** Opening Provided records block **
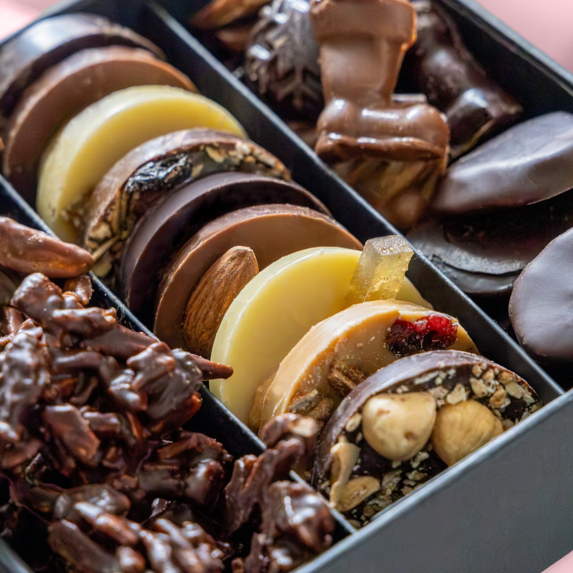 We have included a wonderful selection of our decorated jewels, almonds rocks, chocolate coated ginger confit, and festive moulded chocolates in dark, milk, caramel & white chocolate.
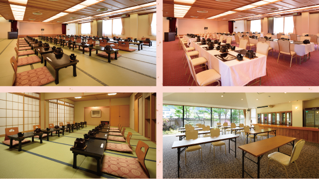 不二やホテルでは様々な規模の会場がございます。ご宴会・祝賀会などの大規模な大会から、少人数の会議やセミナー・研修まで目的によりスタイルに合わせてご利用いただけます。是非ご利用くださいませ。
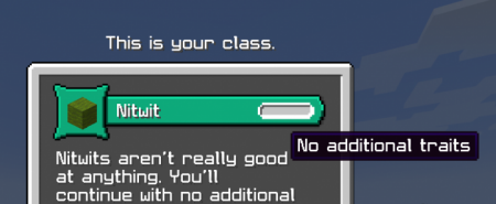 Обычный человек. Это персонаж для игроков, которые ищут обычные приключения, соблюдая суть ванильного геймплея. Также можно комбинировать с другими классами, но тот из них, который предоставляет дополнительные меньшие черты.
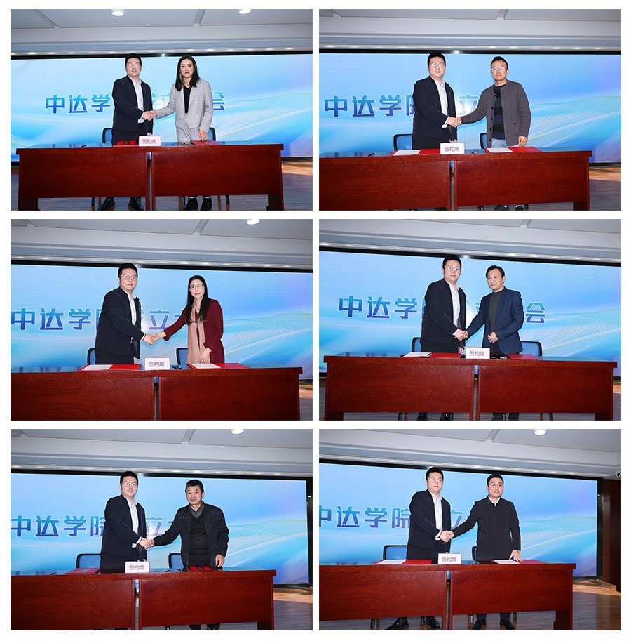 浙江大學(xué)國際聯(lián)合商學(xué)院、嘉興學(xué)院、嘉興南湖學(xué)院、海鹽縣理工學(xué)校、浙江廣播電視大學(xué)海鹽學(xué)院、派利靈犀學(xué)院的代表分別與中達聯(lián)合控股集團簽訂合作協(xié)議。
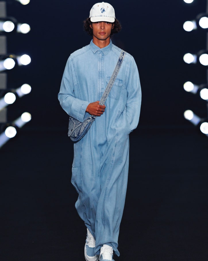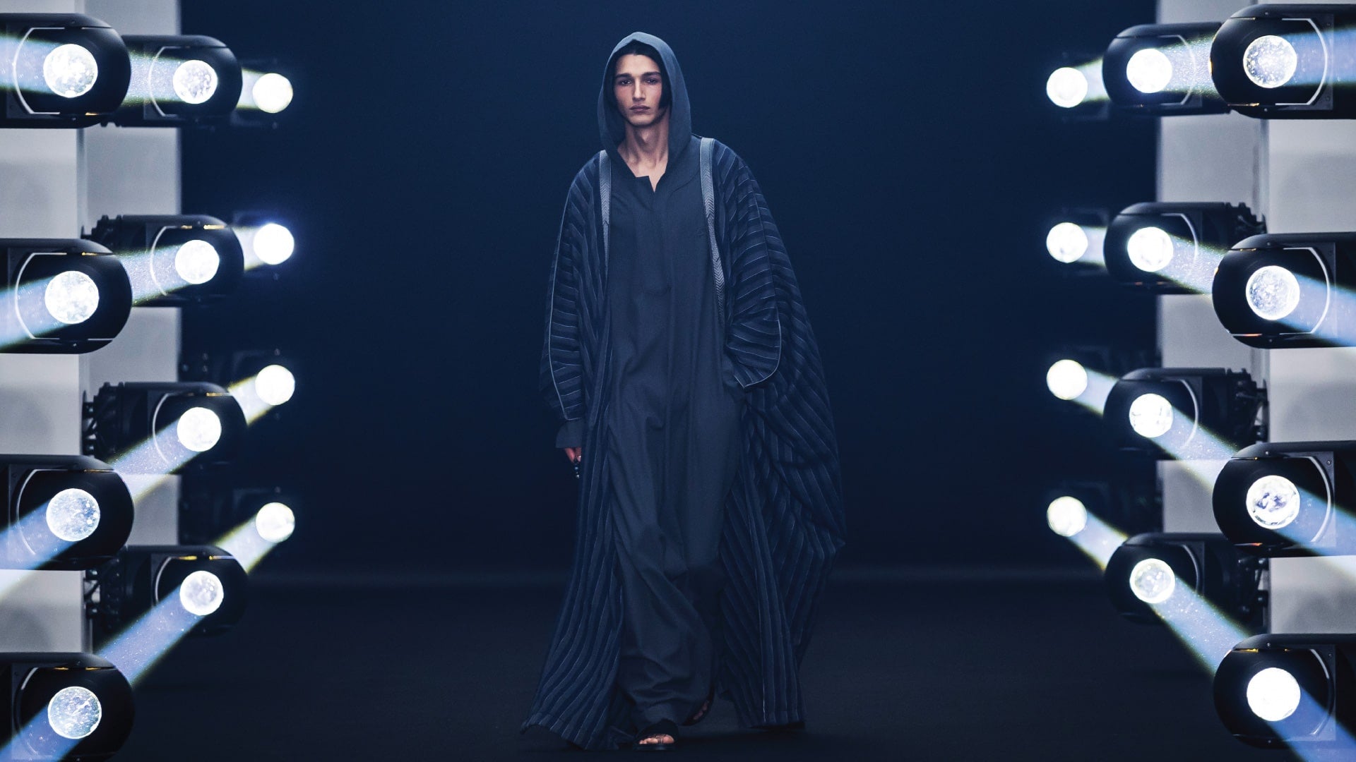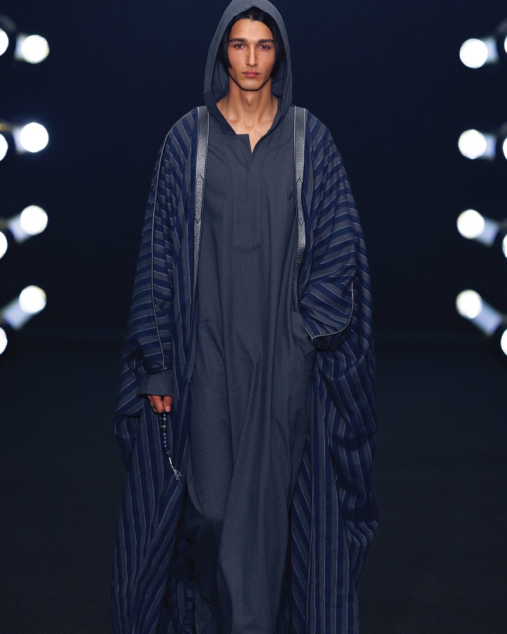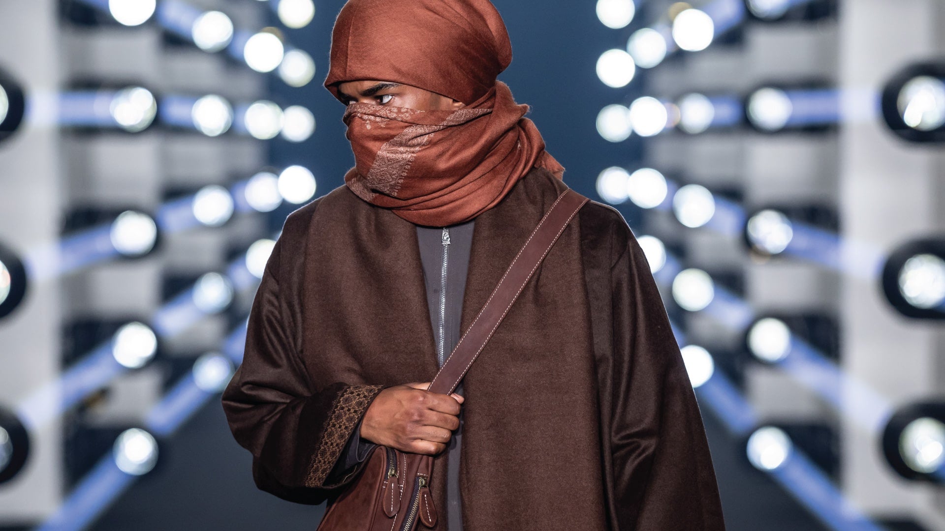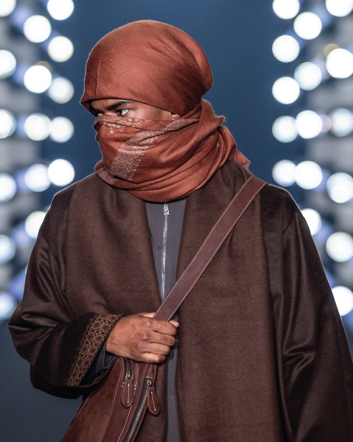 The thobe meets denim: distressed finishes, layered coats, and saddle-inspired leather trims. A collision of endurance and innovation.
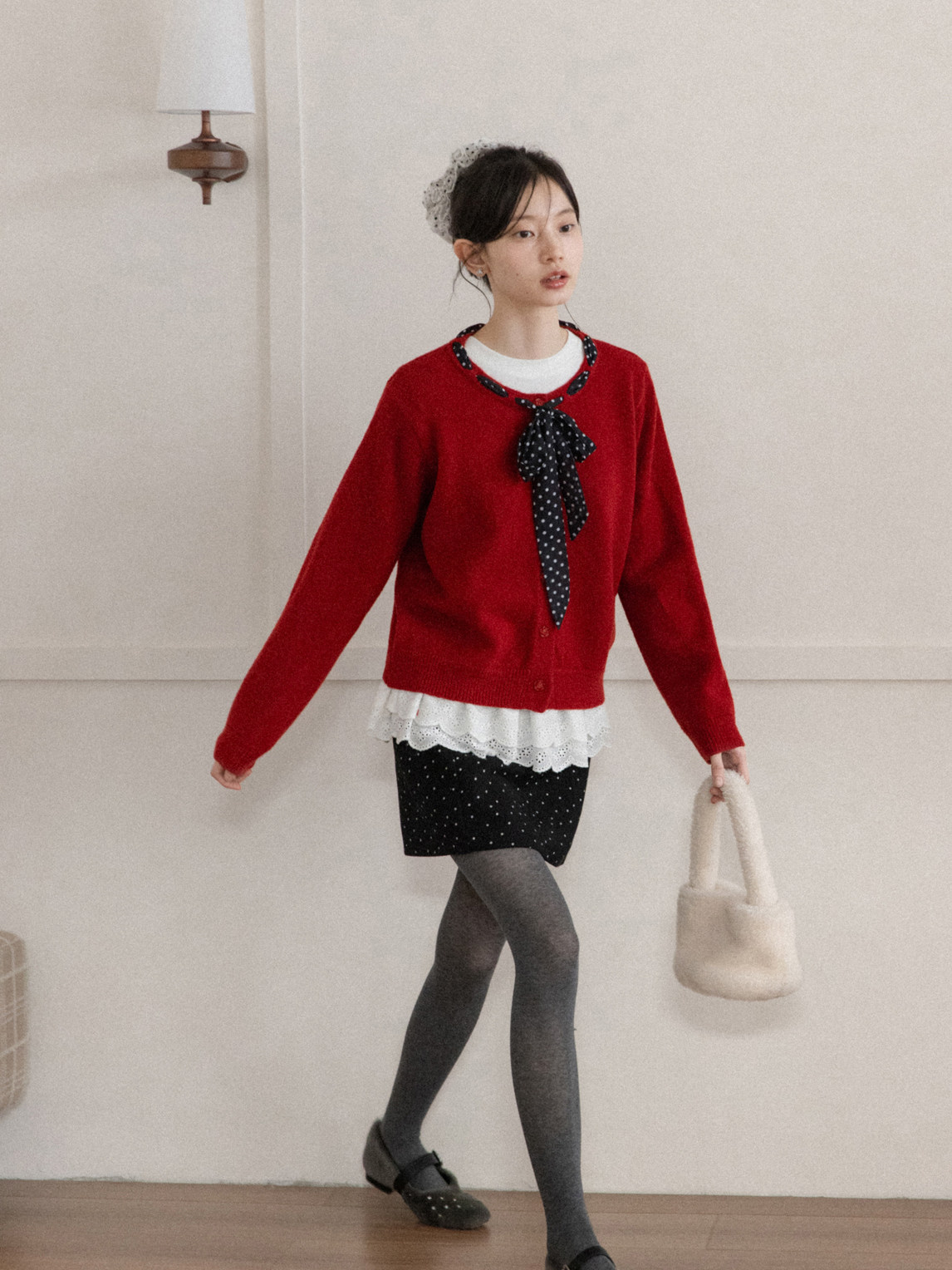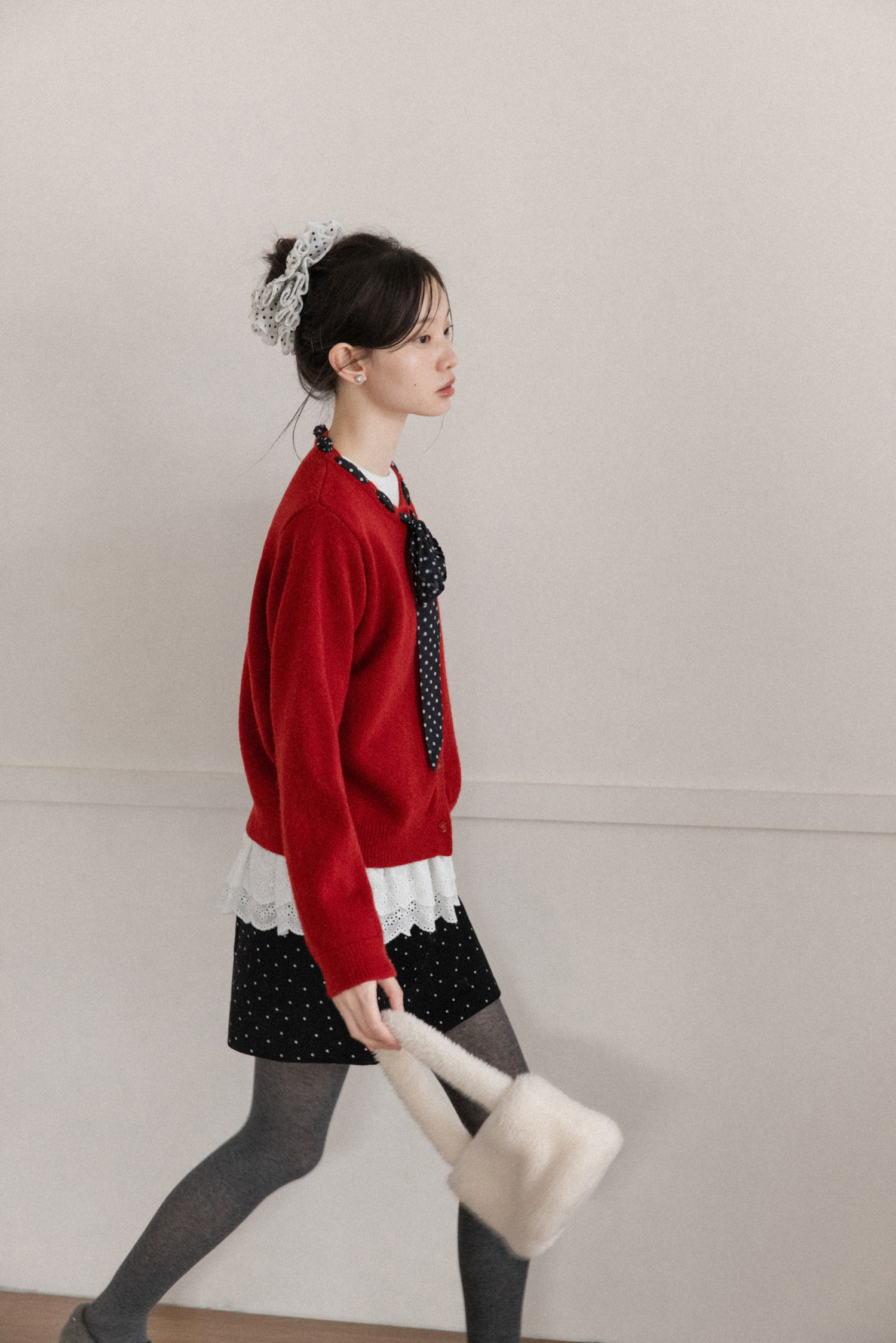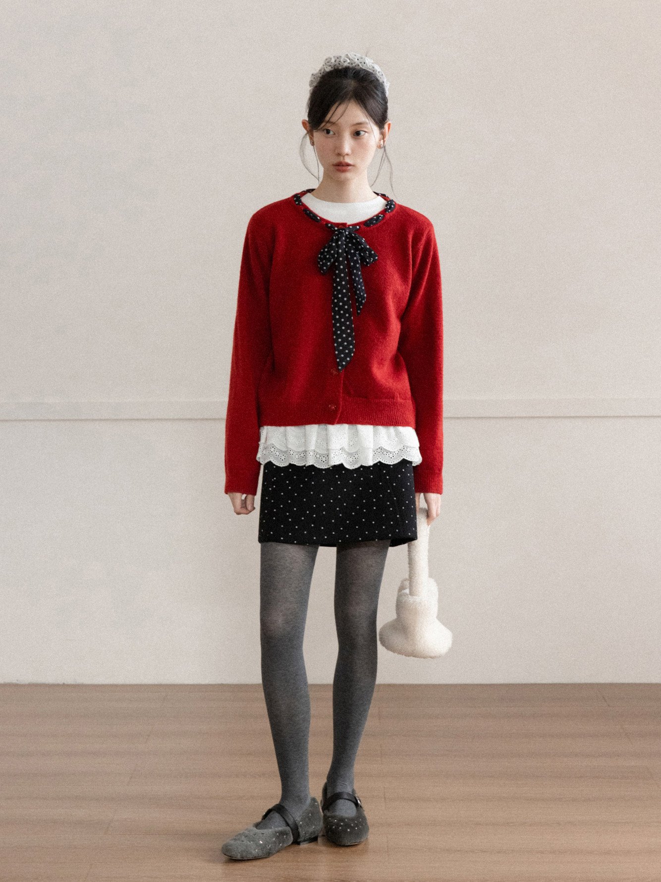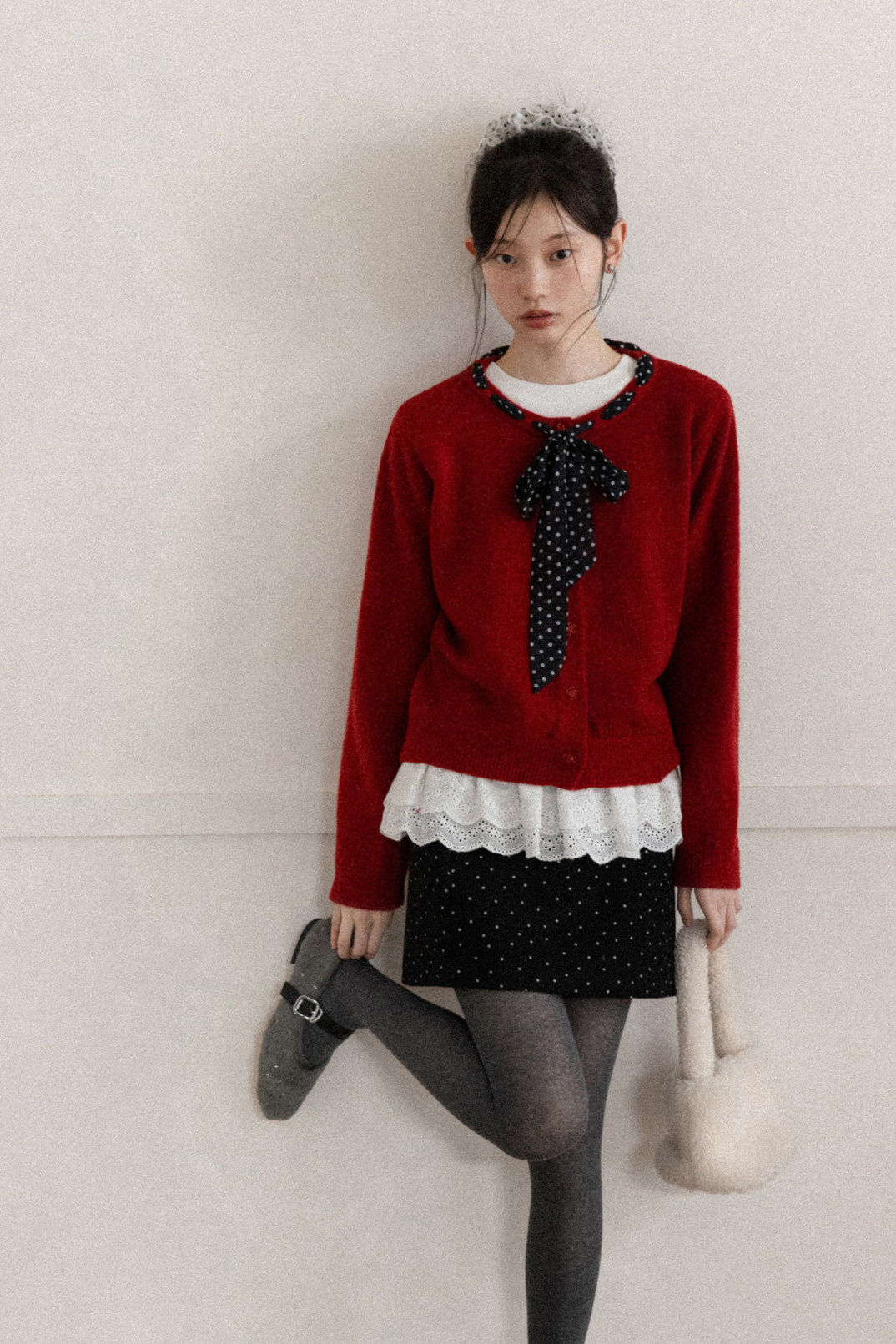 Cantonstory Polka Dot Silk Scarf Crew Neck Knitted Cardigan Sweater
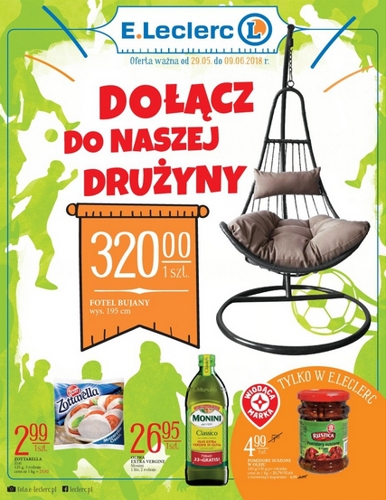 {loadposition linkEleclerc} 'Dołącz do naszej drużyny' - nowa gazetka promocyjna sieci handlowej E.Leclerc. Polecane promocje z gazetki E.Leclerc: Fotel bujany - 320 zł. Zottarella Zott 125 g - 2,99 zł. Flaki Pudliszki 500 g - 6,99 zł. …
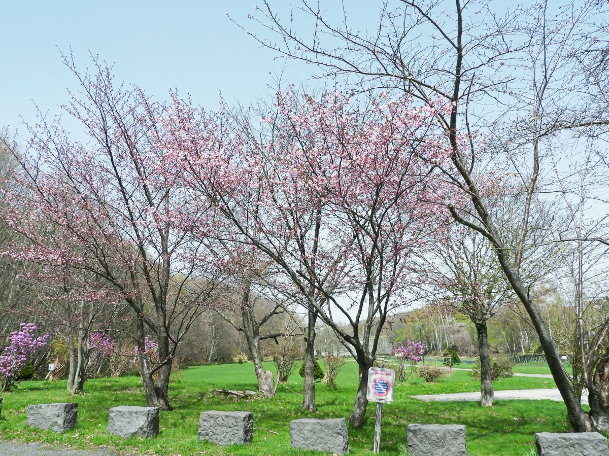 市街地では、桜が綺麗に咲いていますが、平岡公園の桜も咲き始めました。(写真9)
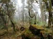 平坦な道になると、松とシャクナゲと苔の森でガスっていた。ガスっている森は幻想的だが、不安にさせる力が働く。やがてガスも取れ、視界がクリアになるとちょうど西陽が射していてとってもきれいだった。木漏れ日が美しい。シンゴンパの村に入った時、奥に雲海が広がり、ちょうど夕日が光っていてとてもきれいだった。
** Closing Provided records block **
- Instructions to follow:
Copy exactly the lines that run from the line containing "市街地では、桜が綺麗に咲いていますが、平岡公園の桜も咲き始めました。(写真9)" to the end of the data, keeping both end lines and dropping every picture.

- Solution below:
 市街地では、桜が綺麗に咲いていますが、平岡公園の桜も咲き始めました。(写真9)
 平坦な道になると、松とシャクナゲと苔の森でガスっていた。ガスっている森は幻想的だが、不安にさせる力が働く。やがてガスも取れ、視界がクリアになるとちょうど西陽が射していてとってもきれいだった。木漏れ日が美しい。シンゴンパの村に入った時、奥に雲海が広がり、ちょうど夕日が光っていてとてもきれいだった。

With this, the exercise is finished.